However, while the methods are described theoretically, their actual implementation into the model remain somewhat unclear from the manuscript. The information can be obtained from the provided source code, of course. But this seems unnecessarily cumbersome. This is particularly true, since DEPAC is already described in the referenced literature. The authors should mention some aspects of implementation that are helpful to readers who might want to attempt a similar undertaking (e.g. are the deposition rates added to the tendencies? How is R=infinity realised? Are molecular or sub-grid diffusivities being used to calculate Rb).
The authors could not convince me that the modelled boundary layer height after sunset is not a problem. I encourage them to attempt to improve this (could a different sub-grid model or forcing help?). In the current state the inclusion of midnight (00:00 LT) into the analysis is somewhat moot.
There are several inaccuracies and inconsistencies about units, variable names etc. and several plots can be improved. These have been pointed out as individual comments.
I think the copyright statement in le_drydepos_gas_depac.f90 does not match GPLv3.
Lastly, a model validation against measurements would contribute significantly to the article. The authors make clear, that the model in the current state does not contain a chemistry module and is still under development, which unfortunately makes this task currently difficult. Maybe a weak comparison to NOx measurements is already possible?
I strongly encourage a proper validation as soon as possible.
Other comments:
P3L76 Why is only the OH marked as a radical?
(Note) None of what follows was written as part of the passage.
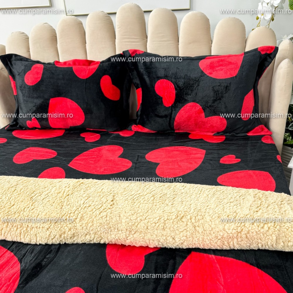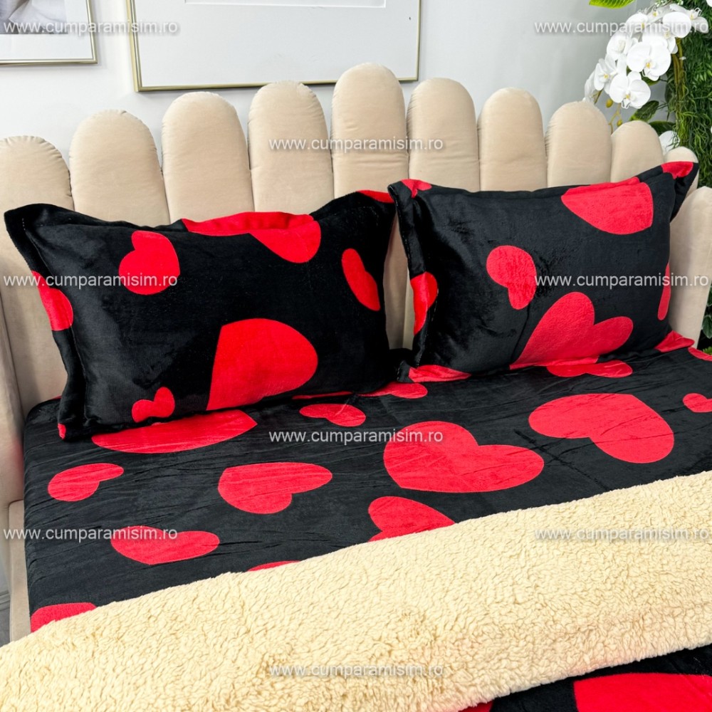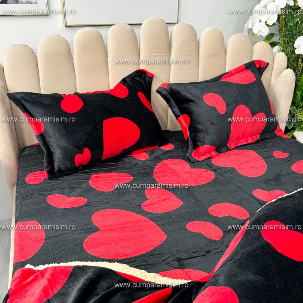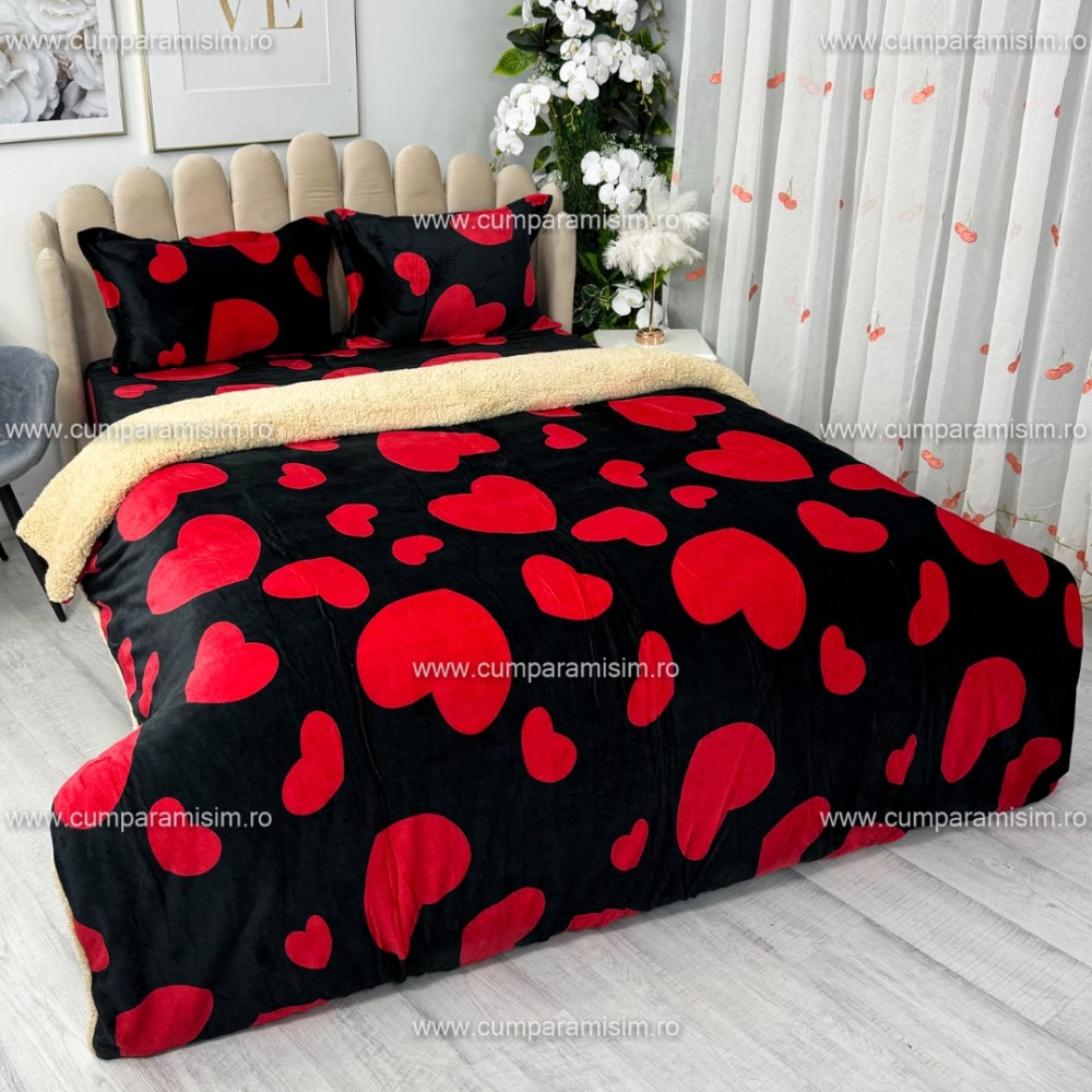 Lenjerie pat dublu, Super Pufoasa COCOLINO cu BLANITA, 4 piese, Negru-Rosu, inimioare, CumparaMisim, cod produs: YAF127

P3L82 You can remove the “, the Netherlands,” after “Eindhoven
P3L84 Can you elaborate quickly why the water is a problem. Is it because of the double periodic boundary, so you assume opposite sides to be of similar nature? Or more specifically a problem to your case study with DEPAC?
P4L93 Missing reference
P5L145 Missing reference
P5L149/150 I think you should at least introduce the units of V, G and R once. Probably here. Units are emitted quite often throughout the manuscript. Please add them where useful (e.g. also when you introduce χ)
P6Fig1 Rext is called Rw throughout the manuscript. In the schematic it shows that Rinc depends on LAI, whereas in Eq. 12 it depends on SAI
P6L163 Can you explain why Rb is small when the quasi-laminar layer is small. It is not immediately clear from equation (3).
P7L1 Can you mention how these quantities are actually being calculated within DALES? Are you using the literature values of air etc or the sub-grid quantities from the LES?
P7L179 “Absorbed“ on the surface is a somewhat strange expression. Maybe use “canopy” instead of “surface” in this paragraph? Or do you mean “adsorbed on the surface”?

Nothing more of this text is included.